Yes. For us, it's the one additional C&I project. If you look at the other ones, they're rolling off as planned, there really was no change in that. And we highlighted that, without that, this one project impact on the C&I side, we would have been where we set our margin profile would be or a little above that low-end of it. So I'd say, that's going as planned. So we see those rolling off. On the T&D side, there were a couple of new projects that came into kind of the solar impact side, but it was all solar-related and we've got good visibility on what we have left to finish.

Brian Brophy, Analyst

Okay, thanks. I'll pass it on.

Operator, Operator

Thank you. Our next question comes from the line of Jon Braatz with Kansas City Capital. Your line is open.

Jon Braatz, Analyst

Good morning, everyone. Rick, regarding the projects that encountered issues this quarter, to what extent do you think the challenges were due to your own performance or execution? Can you differentiate the internal factors from the external ones?

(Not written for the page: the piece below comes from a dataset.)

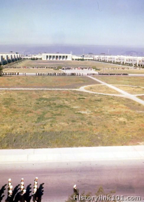 Memorial Services being held at NAS Alameda, CA for the late President Franklin Roosevelt. April 15, 1945

Rick Swartz, President and CEO

Really, with a couple of these going into potential litigation, I think we're always willing to, what I say, pay for our own sins. And I think a portion of it, whenever you do a hindsight analysis, you always see things you could do different. So we weren't perfect within this performance, but not all of our loss was caused by things we did. That's about as deep as I can go into it knowing that there's potential litigation out there, Jon.

Jon Braatz, Analyst

Okay. I appreciate that. And then on the clean energy projects, other than sort of the competitive landscape that might depress margins and so on and so forth, is there anything inherently different about the clean energy project versus a T&D project that makes it a little bit riskier for you?

Rick Swartz, President and CEO

In general, no. I would say that various factors can influence the risk level of a project. As we mentioned regarding our C&I side, we have experienced strong performance, contributing positively to our margins throughout the year. It's important to note that this is dependent on the region and the specific book of business, and it did not involve all the same customers on the T&D side. We've maintained good visibility on the remaining work we need to complete.

Jon Braatz, Analyst

Okay. I may have asked this before, but in considering the challenging projects in the second half, how confident are you that you have accounted for all the costs? Is there any potential for additional risk from these projects in the second half?

Rick Swartz, President and CEO

Yes, there is potential risk involved. It's always present as you complete projects and go through negotiations, and with project completions, there's additional risk. When considering our operating margins, I believe that without these projects we will be in the mid-range of our T&D margin profile. However, with these projects, it's difficult to predict due to the variables involved. This situation could impact us, and we will provide updates on this as we progress each quarter.

Jon Braatz, Analyst

Yes, okay. All right. Thank you.

Operator, Operator

Thank you. I'm showing no further questions in the queue. I would now like to turn the call back over to Rick for closing remarks.

Rick Swartz, President and CEO

To conclude, on behalf of Kelly, Brian, Don, and myself, I sincerely thank you for joining us on the call today. I don't have anything further and we look forward to working with you going forward.

Operator, Operator

Ladies and gentlemen, this concludes today's conference call. Thank you for your participation. You may now disconnect.